### Records for this exercise
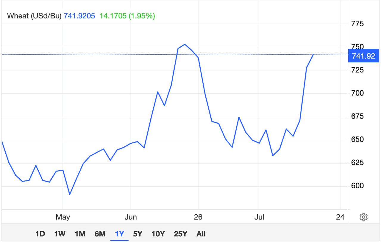 Сегодня фьючерсы на пшеницу на торгах в Чикаго выросли на 1,6% и достигли трехнедельного максимума на фоне растущих опасений, что атака на украинские порты после выхода России из зерновой сделки окажет долгосрочное влияние на мировые поставки.
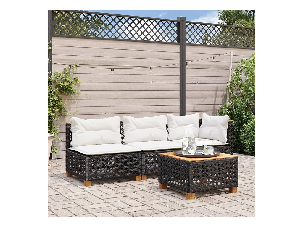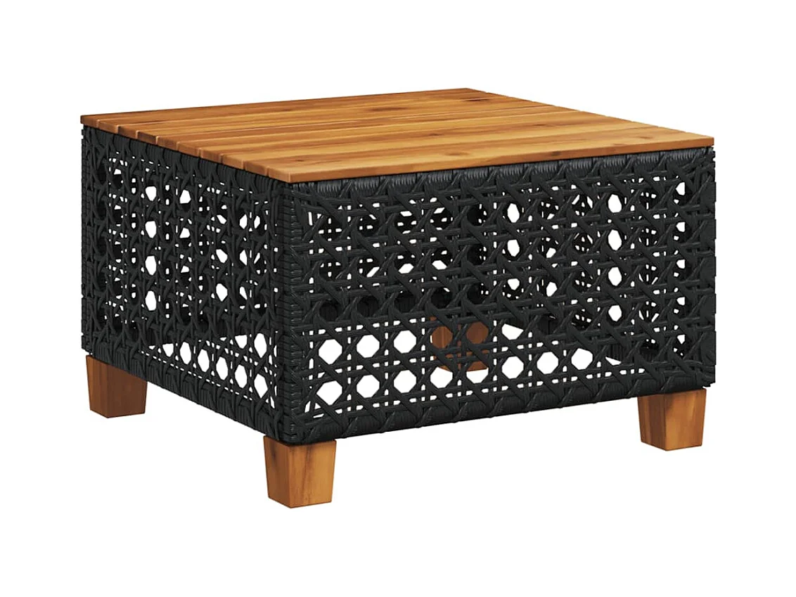 Table de jardin noir 70x38x42 cm résine tressée et bois acacia FR857125
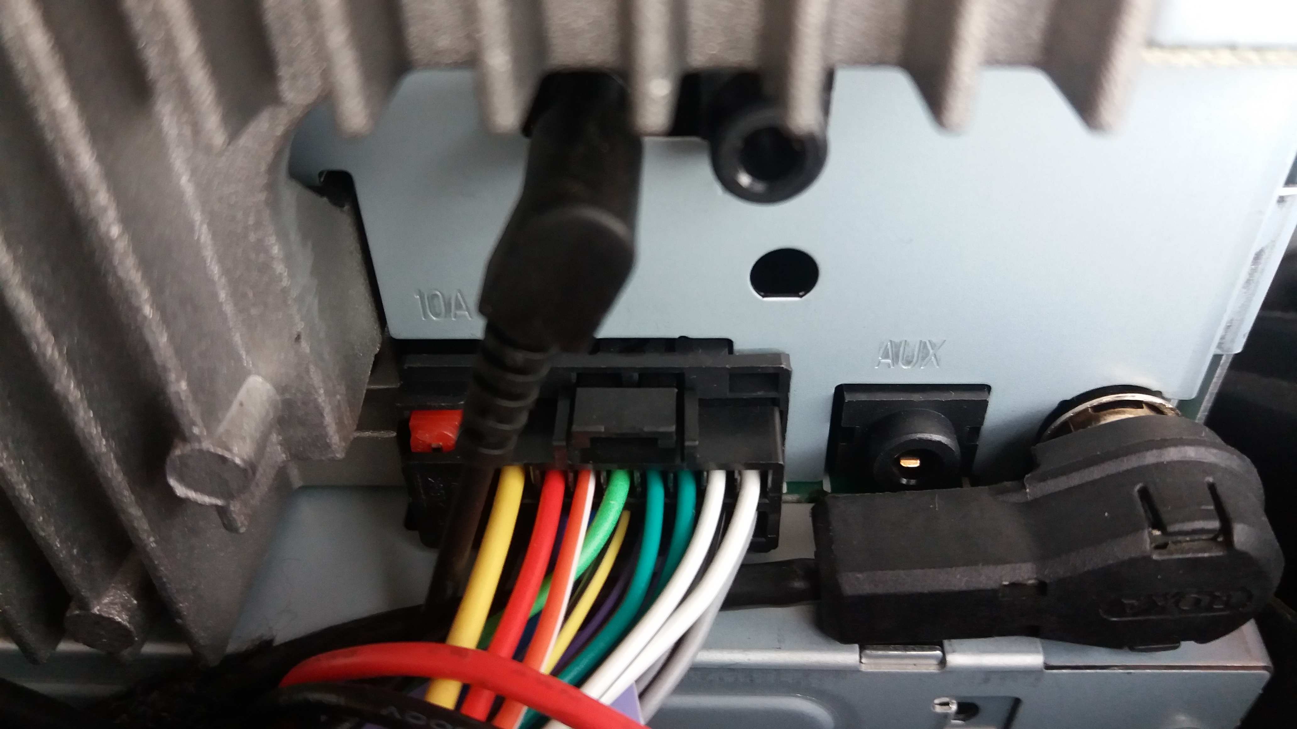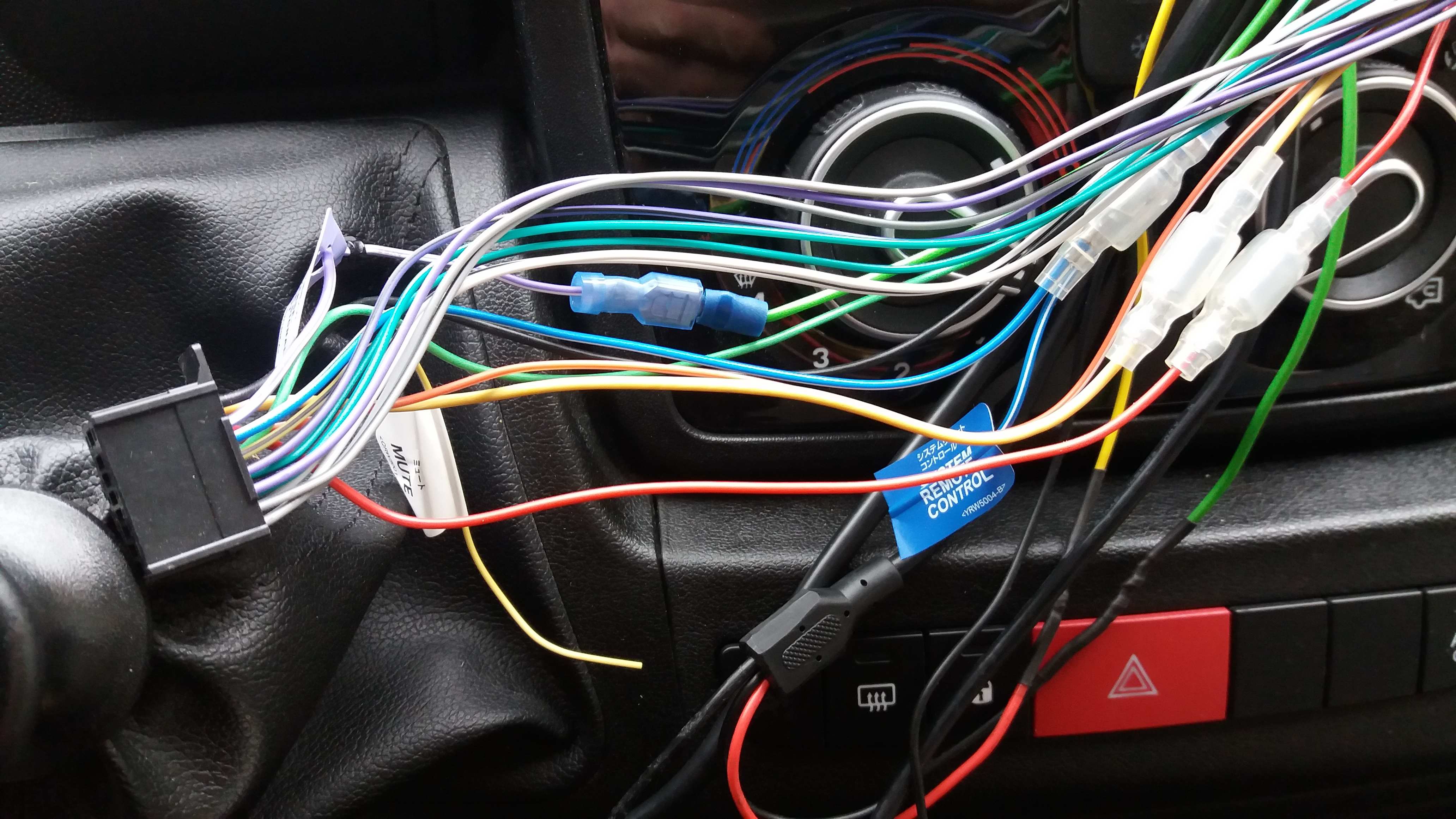 J’ai extrait l’auto radio de son emplacement. Quelques photos valant mieux qu’un long discours je vous joins deux vues du faisceau et un « petit schéma » du futur branchement. En résumé (et sauf erreur de ma part) :
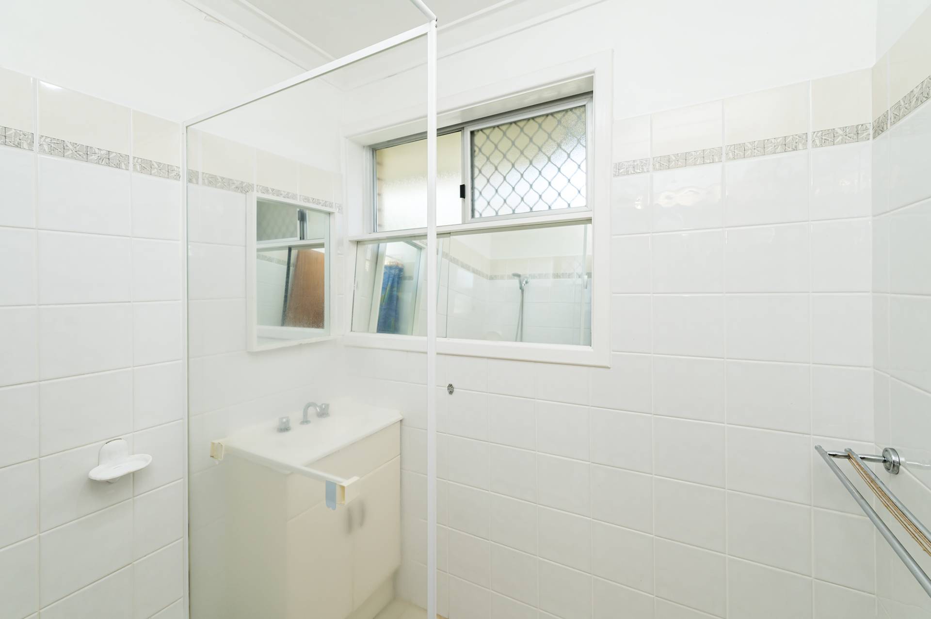 A modern and bright bathroom with glass shower screen accommodates both bedrooms while a separate laundry includes sliding cupboards and access to the exterior of the home. Step out onto an enclosed sunroom/verandah with glass louvres overlooking an expansive garden of lawn and established garden beds — a fabulous space for kids and family pets to play!
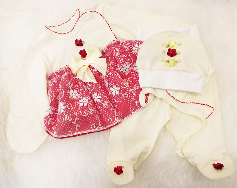 Одевайте с юбкой)))это же девочка))))родственники же будут?будут)ну папа как минимум)вот и будете красивыми)вязаный не надо сверху,спаритесь в машине....слип с юбкой сверху тёплый комбез...я так планирую)
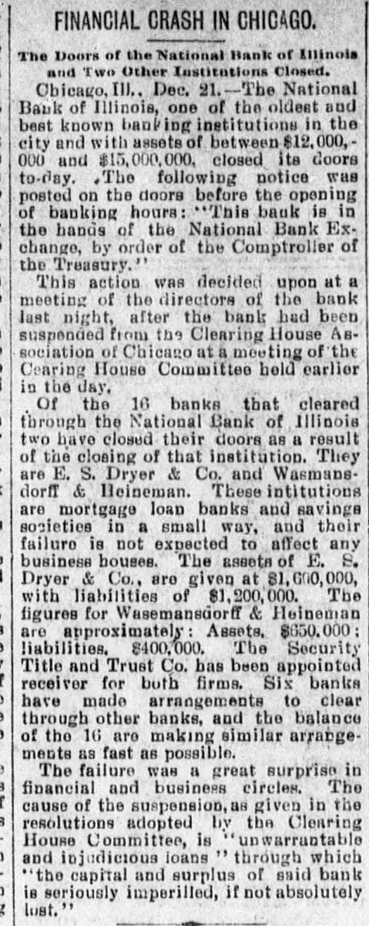 FINANCIAL CRASH IN CHICAGO. The Doors of the National Bank of Illinois and Two Other Institutions Closed. Chicago, III., Dec. 21.-The National Bank of Illinois, one of the oldest and best known banking institutions in the city and with assets of between $12,000,000 and $15,000,000, closed its doors to-day. ,The following notice was posted on the doors before the opening of banking hours: This bank is in the hands of the National Bank Exchange, by order of the Comptroller of the Treasury." This action was decided upon at a meeting of the directors of the bank last night, after the bank had been suspended from the Clearing House Association of Chicago at a meeting of the Cearing House Committee held earlier in the day. Of the 16 banks that cleared through the National Bank of Illinois two have closed their doors as a result of the closing of that institution. They are E. S. Dryer & Co. and Wasmansdorff & Heineman. These intitutions are mortgage loan banks and savings societies in a small way, and their failure is not expected to affect any business houses. The assets of E. S. Dryer & Co., are given at $1,600,000, with liabilities of $1,200,000. The figures for Wasemansdorff & Heineman are approximately Assets, $650.000 liabilities. $400,000. The Security Title and Trust Co. has been appointed receiver for both firms. Six banks have made arrangements to clear through other banks, and the balance of the 16 are making similar arrangements as fast as possible. The failure was a great surprise in financial and business circles. The cause of the suspension, as given in the resolutions adopted by the Clearing House Committee, is unwarrantable and injudicious loans " through which "the capital and surplus of said bank is seriously imperilled, if not absolutely lost."
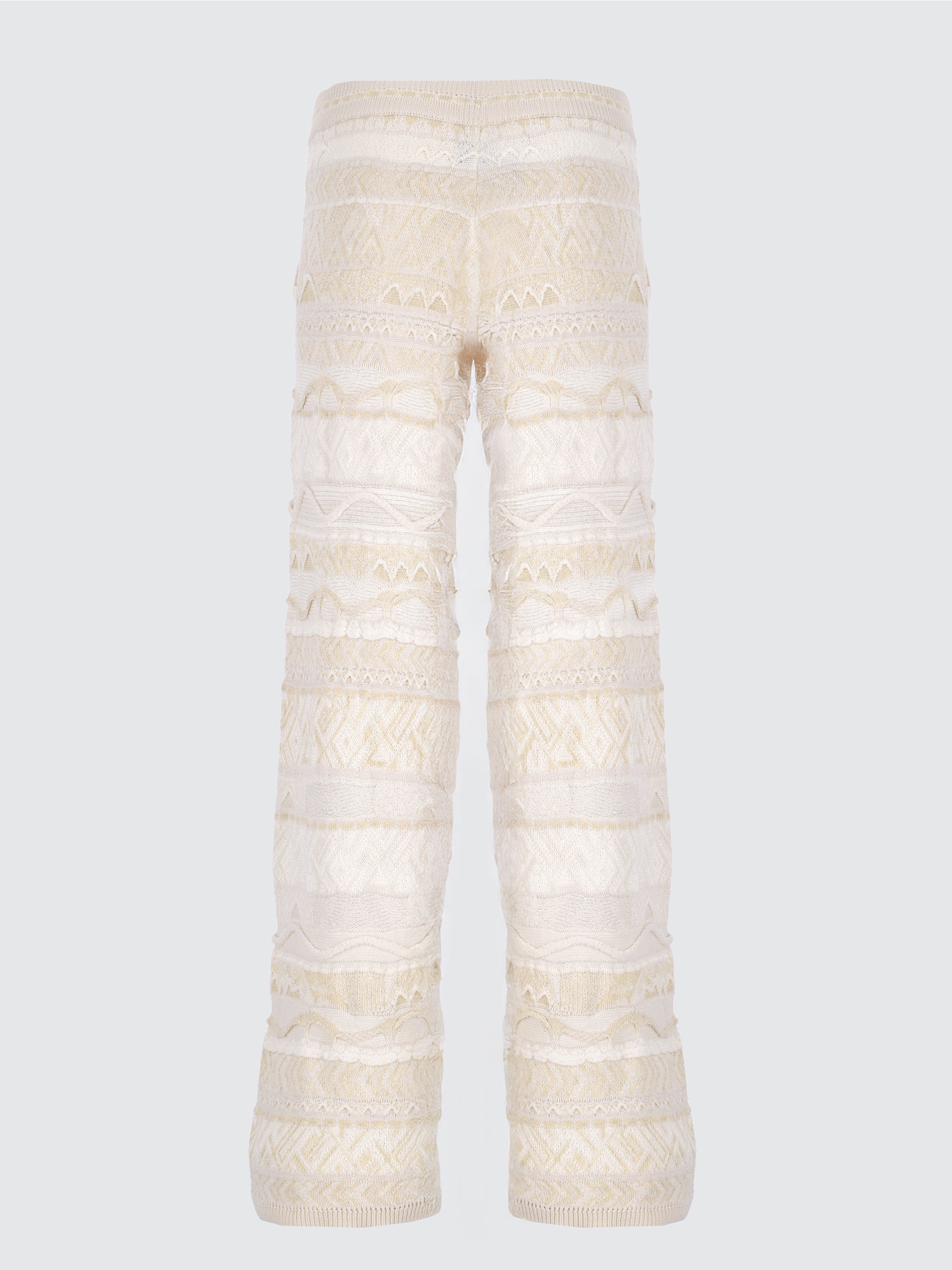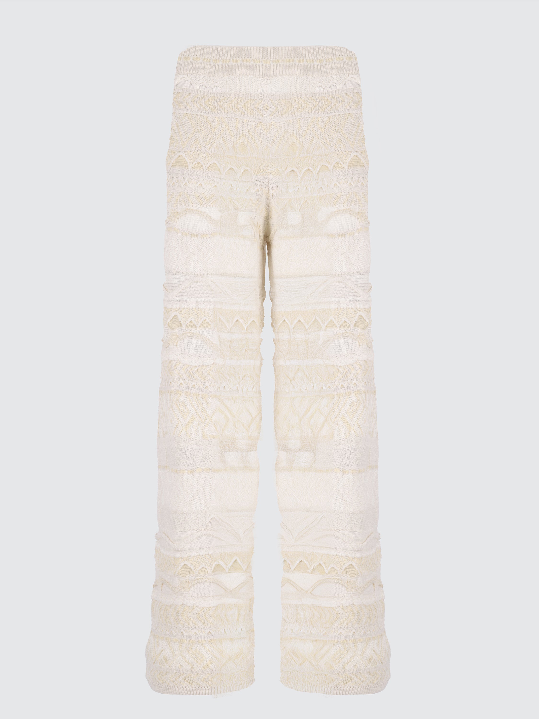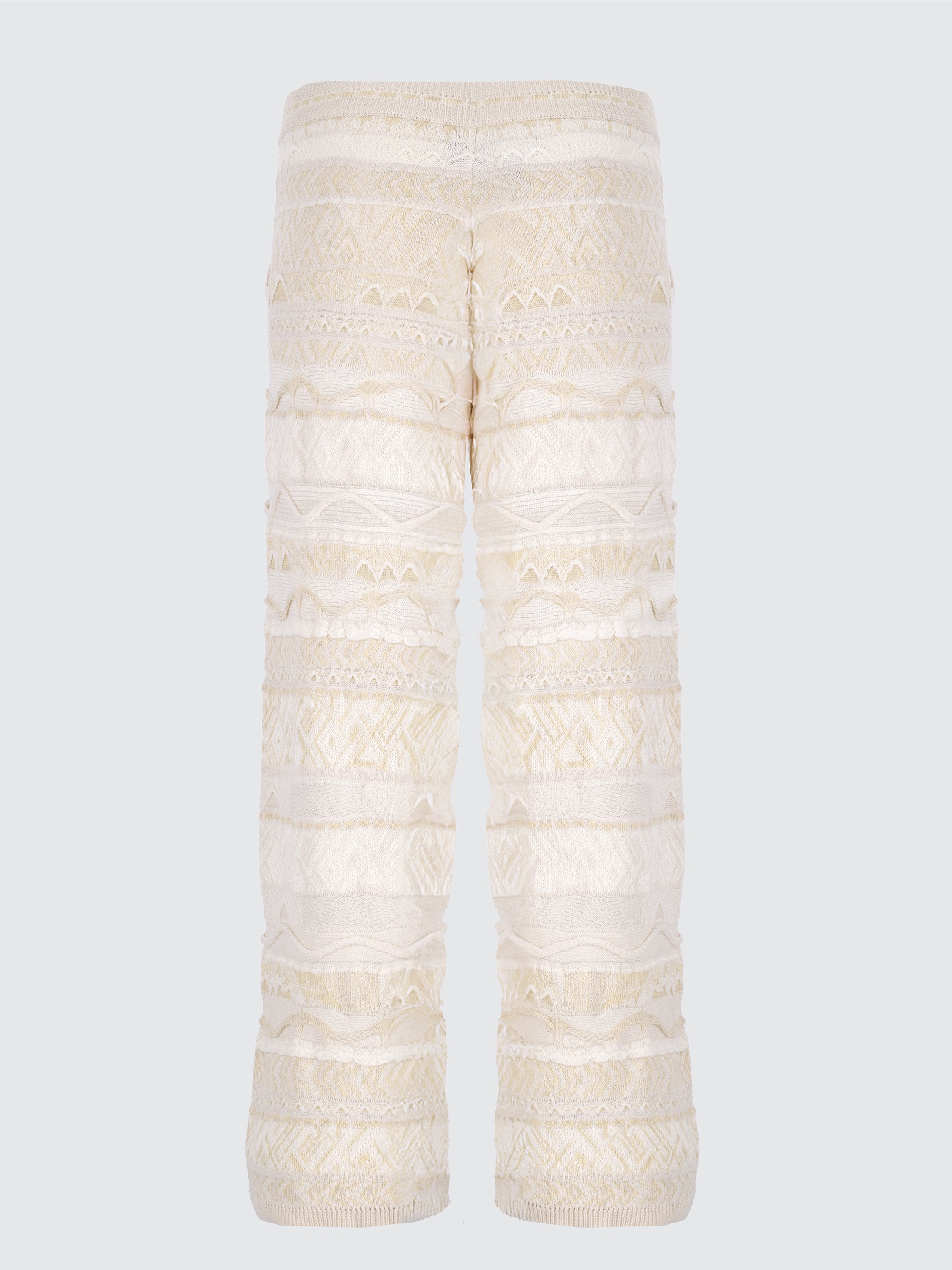 Laneus presenta un'inedita capsule collection di homewear. Questi pantaloni dal fit comodo reinterpretano l’iconico jacquard del brand attraverso tonalità neutra. Il design con elastico in vita e doppia tasca frontale si arricchisce di dettagli piquet e cordonetti a rilievo, creando profondità ed effetti tridimensionali. Il mix di filati in cotone, con contrasti tra finiture lucide e opache e l’aggiunta di un morbido filo bouclé, conferisce un equilibrio armonioso tra fascino rustico ed eleganza sofisticata.

### What you need to do
If a record contains a picture, leave the picture out; repeat the record itself exactly.

### Answer to the exercise
 Сегодня фьючерсы на пшеницу на торгах в Чикаго выросли на 1,6% и достигли трехнедельного максимума на фоне растущих опасений, что атака на украинские порты после выхода России из зерновой сделки окажет долгосрочное влияние на мировые поставки.
 Table de jardin noir 70x38x42 cm résine tressée et bois acacia FR857125
 J’ai extrait l’auto radio de son emplacement. Quelques photos valant mieux qu’un long discours je vous joins deux vues du faisceau et un « petit schéma » du futur branchement. En résumé (et sauf erreur de ma part) :
 A modern and bright bathroom with glass shower screen accommodates both bedrooms while a separate laundry includes sliding cupboards and access to the exterior of the home. Step out onto an enclosed sunroom/verandah with glass louvres overlooking an expansive garden of lawn and established garden beds — a fabulous space for kids and family pets to play!
 Одевайте с юбкой)))это же девочка))))родственники же будут?будут)ну папа как минимум)вот и будете красивыми)вязаный не надо сверху,спаритесь в машине....слип с юбкой сверху тёплый комбез...я так планирую)
 FINANCIAL CRASH IN CHICAGO. The Doors of the National Bank of Illinois and Two Other Institutions Closed. Chicago, III., Dec. 21.-The National Bank of Illinois, one of the oldest and best known banking institutions in the city and with assets of between $12,000,000 and $15,000,000, closed its doors to-day. ,The following notice was posted on the doors before the opening of banking hours: This bank is in the hands of the National Bank Exchange, by order of the Comptroller of the Treasury." This action was decided upon at a meeting of the directors of the bank last night, after the bank had been suspended from the Clearing House Association of Chicago at a meeting of the Cearing House Committee held earlier in the day. Of the 16 banks that cleared through the National Bank of Illinois two have closed their doors as a result of the closing of that institution. They are E. S. Dryer & Co. and Wasmansdorff & Heineman. These intitutions are mortgage loan banks and savings societies in a small way, and their failure is not expected to affect any business houses. The assets of E. S. Dryer & Co., are given at $1,600,000, with liabilities of $1,200,000. The figures for Wasemansdorff & Heineman are approximately Assets, $650.000 liabilities. $400,000. The Security Title and Trust Co. has been appointed receiver for both firms. Six banks have made arrangements to clear through other banks, and the balance of the 16 are making similar arrangements as fast as possible. The failure was a great surprise in financial and business circles. The cause of the suspension, as given in the resolutions adopted by the Clearing House Committee, is unwarrantable and injudicious loans " through which "the capital and surplus of said bank is seriously imperilled, if not absolutely lost."
 Laneus presenta un'inedita capsule collection di homewear. Questi pantaloni dal fit comodo reinterpretano l’iconico jacquard del brand attraverso tonalità neutra. Il design con elastico in vita e doppia tasca frontale si arricchisce di dettagli piquet e cordonetti a rilievo, creando profondità ed effetti tridimensionali. Il mix di filati in cotone, con contrasti tra finiture lucide e opache e l’aggiunta di un morbido filo bouclé, conferisce un equilibrio armonioso tra fascino rustico ed eleganza sofisticata.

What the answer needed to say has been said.